In summary, DoRothEA subsetted to confidence levels A and B performed the best on real scRNA-seq data but at the cost of the TF coverage. The results of the in silico and in vitro benchmark are in agreement. Accordingly, I believe that it is reasonable to assume that also PROGENy works on real data given the positive benchmark results on simulated data.
Finally, I applied the tools of interest to a mixture sample of PBMCs and HEK cells profiled with 13 different scRNA-seq protocols. I investigated to which extent pathway and TF matrices retain cell-type-specific information, by evaluating how well cells belonging to the same cell type or cell type family cluster together in reduced dimensionality space. Given the lower numbers of features available for dimensionality reduction using TF and pathway activities, cell types could be recovered equally well as when using the same number of the top highly variable genes. In addition, I showed that cell types could be recovered more precisely using TF activities than TF expression, which is in agreement with previous studies [ding_2018]. This suggests that summarizing gene expression as TF and pathway activities can lead to noise filtering, particularly relevant for scRNA-seq data, though TF activities performed better than pathway activities which is again attributed to the even lower number of pathways. Specifically, TF activities computed with DoRothEA, D-AUCell, and SCENIC yielded a reasonable cluster purity. It should be noted that, while DoRothEA and D-AUCell rely on independent regulons, the SCENIC networks are constructed from the same dataset they are applied to. This poses the risk of overfitting.

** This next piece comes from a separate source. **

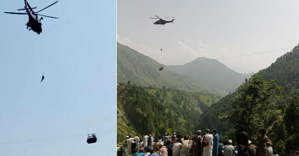 Vojska je započela akciju spašavanja u Battagramu, a snimke otkrivaju da su na licu mjesta dva helikoptera. Snimke objavljene na internetu pokazuju kako se ‘komandos‘ spušta iz helikoptera prema žičari, ali se brzo povlači, navodno zbog jakih vjetrova.
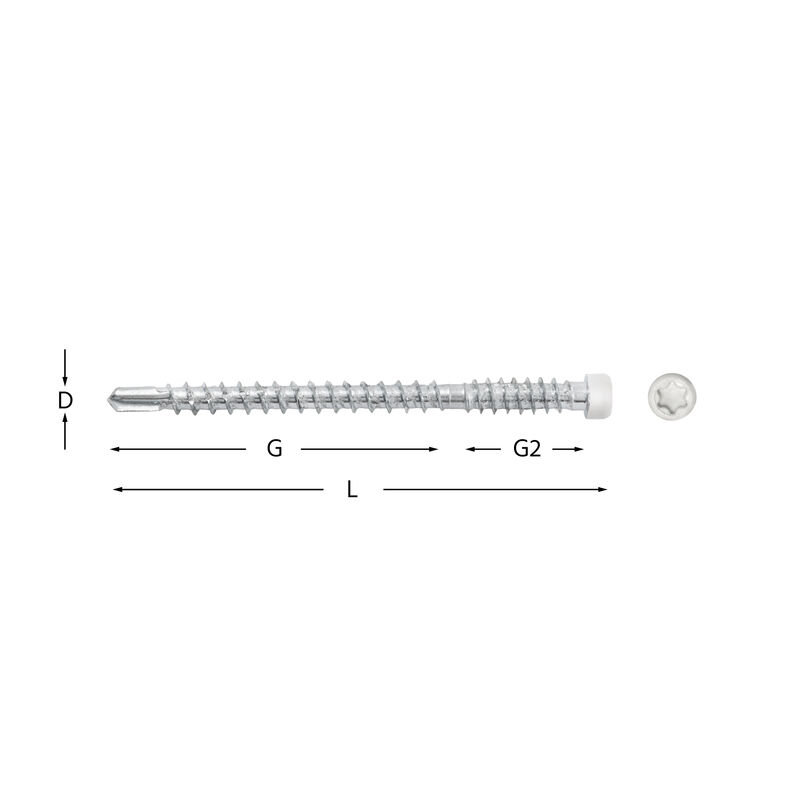 - Funktion: Patenterad design med reducerad borrspets för förankring i trä- och stålregel upp till 1 mm. Borrspetsen förborrar och gängorna under skallen fixerar trädetaljen samtidigt som det cylindriska huvudet försänks in i materialet. Lämplig vid montage av lister, panel, trädetaljer m.m.

My analysis suggested at different points that the performance of TF and pathway analysis tools is more sensitive to the selection of gene sets than the statistical methods. In particular, manually curated footprint gene sets seem to perform generally better. This hypothesis could be tested in the future by decoupling functional analysis tools into gene sets and statistics. Benchmarking all possible combinations of gene sets and statistics (i.e., DoRothEA gene sets with a linear model or PROGENy gene sets with VIPER) would shed light on this question which I believe is of high relevance for the community.
3.6 Conclusions
My systematic and comprehensive benchmark study suggests that functional analysis tools that rely on manually curated footprint gene sets are effective in inferring TF and pathway activity from scRNA-seq data, partially outperforming tools specifically designed for scRNA-seq analysis. In particular, the performance of DoRothEA and PROGENy was consistently better than all other tools. I showed the limits of both tools with respect to low gene coverage. I also provided recommendations on how to use DoRothEA’s and PROGENy’s gene sets in the best way dependent on the number of cells, reflecting the amount of available information, and sequencing depths. Furthermore, I showed that TF and pathway activities are rich in cell-type-specific information with a reduced amount of noise and provide an intuitive way of interpretation and hypothesis generation. I provide my benchmark data and code to the community for further assessment of methods for functional analysis.